Prove that seqences {cos(n)}, {sin(n)} diverge.

Question

I made a proof using isometry, but I'm not sure. Here is the proof:

Let A be a 2×2 matrix whose first row is equal to (cos(1), -sin(1)) and second row is equal to (sin(1), cos(1)). And define the sequence {X(n)} by

X(1)=(cos(1), sin(1)), X(n+1)=A^nX(1).

Since A is an isometry, norm(X(n+1)-X(n))=norm(X(2)-X(1)) =/0 for all natural numbers n. Hence {X(n)} is not a Cauchy sequnce.

One of {cos(n)}, {sin(n)} diverges because {x(n)} converges iff {cos(n)} and {sin(n)} both converges. Suppose f(n) be the one that diverges. Then sqrt[1-(f(n)^2] also diverges. This sequnce is equal to the other one. Hence, {cos(n)}, {sin(n)} both diverge.

Answer 1

Let's prove $\{ \sin(n) \}$ diverges by way of contradiction.

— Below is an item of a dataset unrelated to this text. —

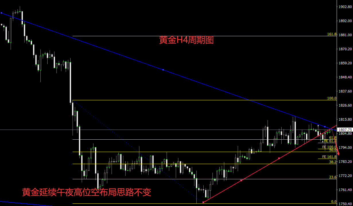 黄金早盘布局上遵循午夜高位空思路布局,暂时以1806附近空单持有并持续下看,午夜黄金下跌上涨都不太大,反弹的力度大于回撤这一点有点出乎意料,黄金整体运行轨迹偏向空头这是已知的,早盘触及趋势压制边沿开始小幅的震荡下探是明显的触压表现,今日延续这个思路黄金白盘高位空不变。小玲建议:黄金1808/07现价空,目标看到1798/95,损位1812

Suppose that $\lim{\sin n}=a$. We know the equality: $$ \sin(n+1) - \sin (n-1) = 2 \cos(n) \sin (1) $$ taking limit $n \to \infty$ from both sides we obtain: $$ a-a=0=2 \sin(1) \lim_{n\to \infty}{\cos(n)} $$ thus $\lim_{n\to\infty}{\cos(n)}=0$. Again, we have: $$ \sin(2n)=2 \sin(n) \cos(n) $$ taking limit: $$ a =2 a \cdot 0 = 0 $$

But $\sin^2n+\cos^2n=1$, taking limit: $$ 0+0=1 $$ which is a contradiction.